Output each line of the data below exactly, omitting any image.

DATA BLOCK:

*** Begin section ***

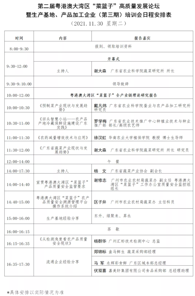 为贯彻落实国家关于粤港澳大湾区发展的重要战略部署,进一步推进粤港澳大湾区“菜篮子”工程建设,保证粤港澳大湾区“菜篮子”市场稳定供应,第二届粤港澳大湾区“菜篮子”高质量发展论坛暨生产基地、产品加工企业(第三期)培训会将于2021年11月30日在广州举办。会议有哪些重要内容,一起来看一下吧!
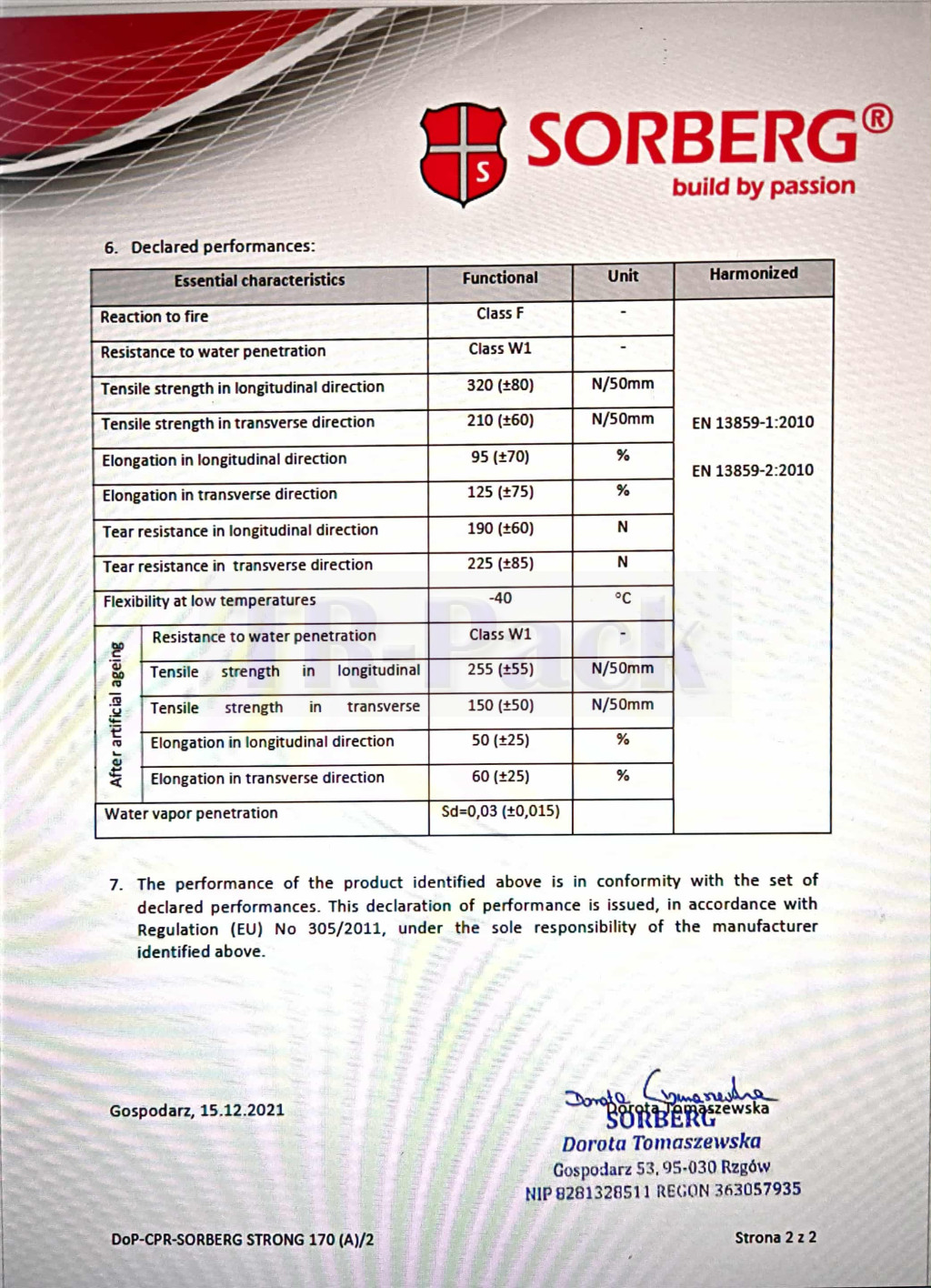 A dokumentációkat, telljesítménynyilatkozatot a fotók között találja.
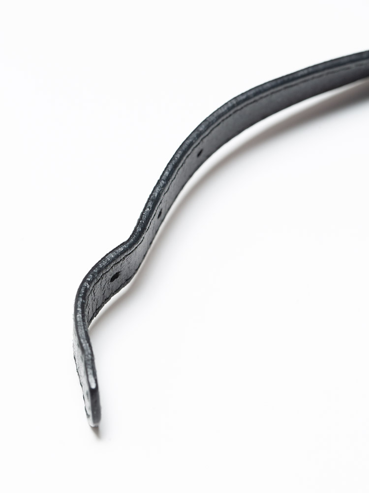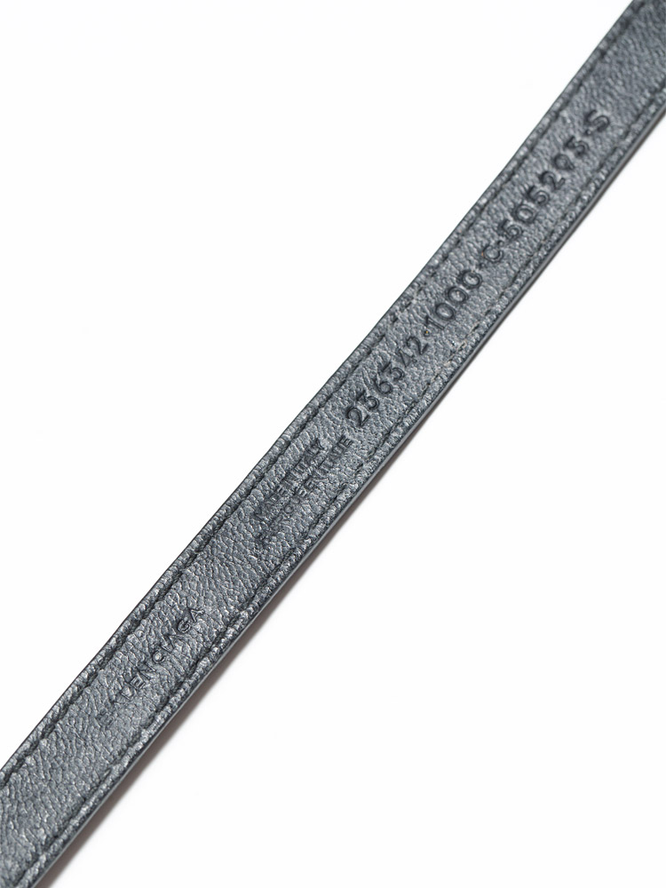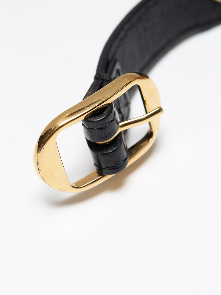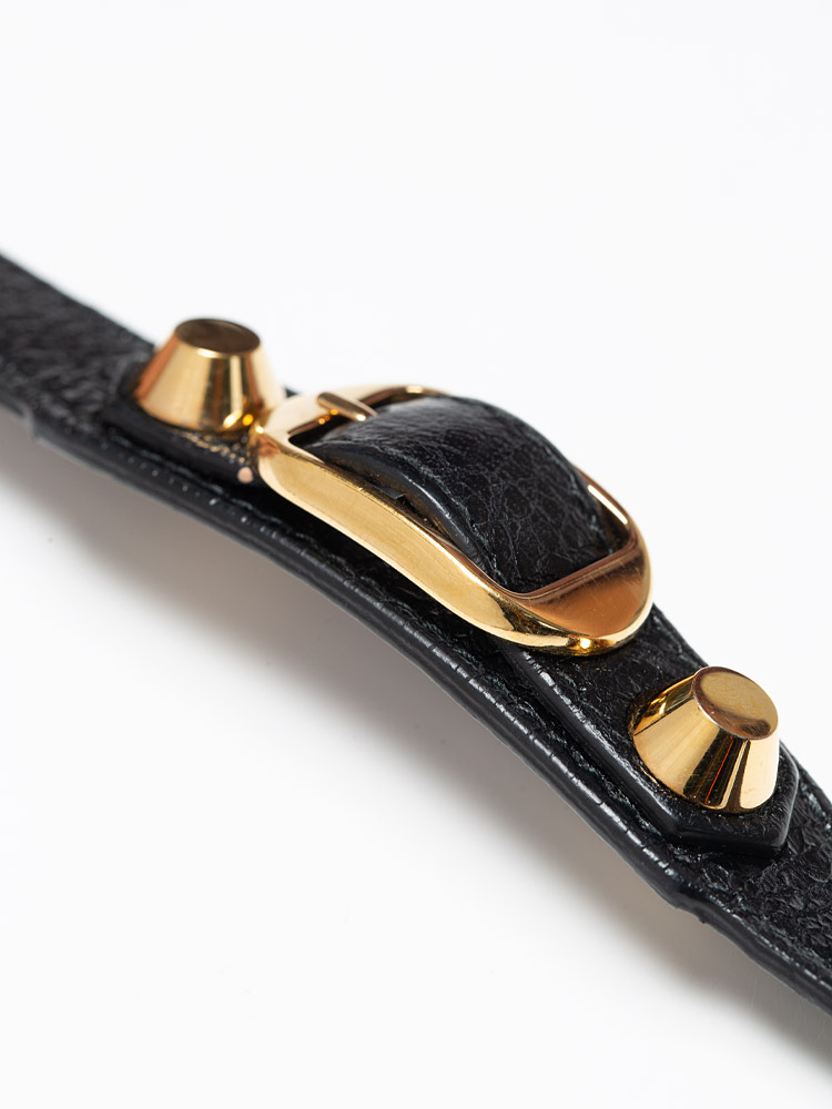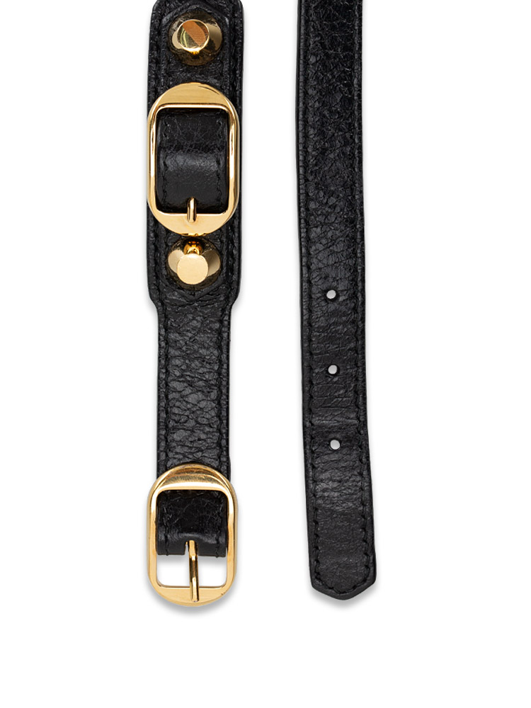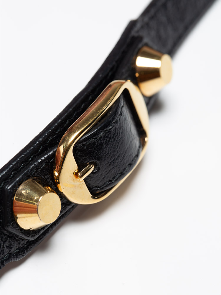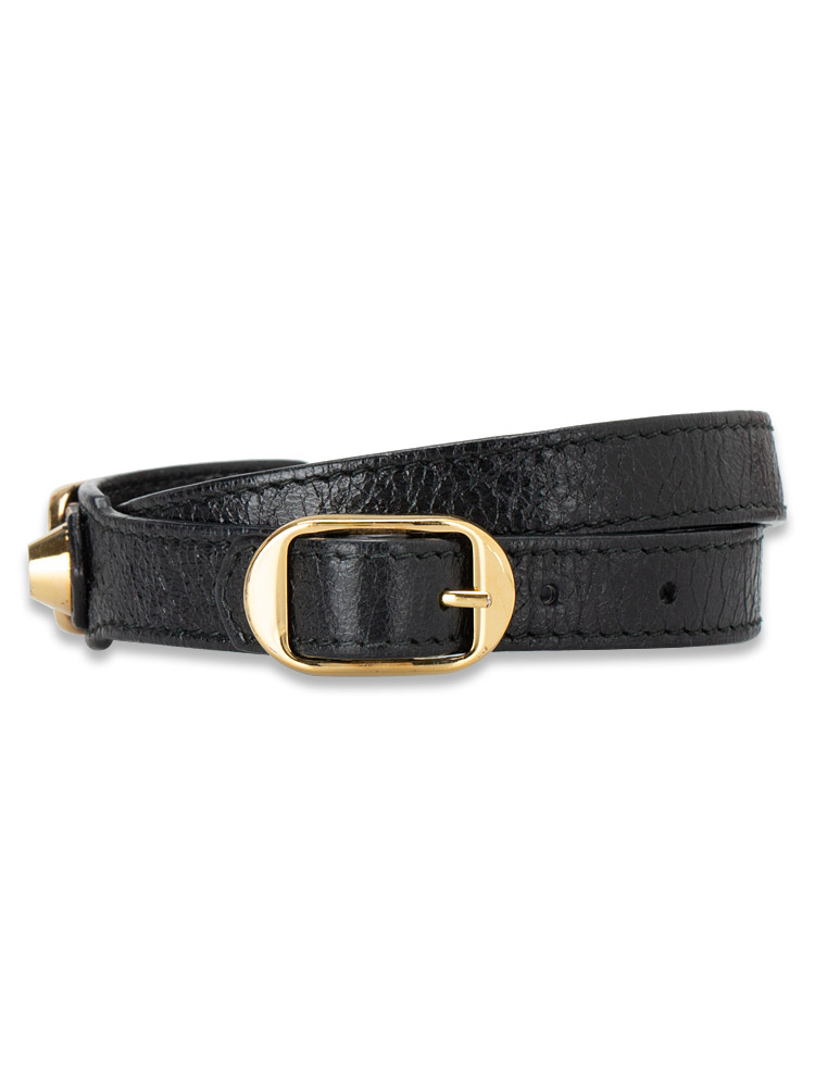 Crafted of Agneau lambskin leather in classic black and features a large brass and studs and a buckle clasp and is meant to stylishly wrap around the wrist three times.

*** End section ***

ANSWER TO THIS EXERCISE:
 为贯彻落实国家关于粤港澳大湾区发展的重要战略部署,进一步推进粤港澳大湾区“菜篮子”工程建设,保证粤港澳大湾区“菜篮子”市场稳定供应,第二届粤港澳大湾区“菜篮子”高质量发展论坛暨生产基地、产品加工企业(第三期)培训会将于2021年11月30日在广州举办。会议有哪些重要内容,一起来看一下吧!
 A dokumentációkat, telljesítménynyilatkozatot a fotók között találja.
 Crafted of Agneau lambskin leather in classic black and features a large brass and studs and a buckle clasp and is meant to stylishly wrap around the wrist three times.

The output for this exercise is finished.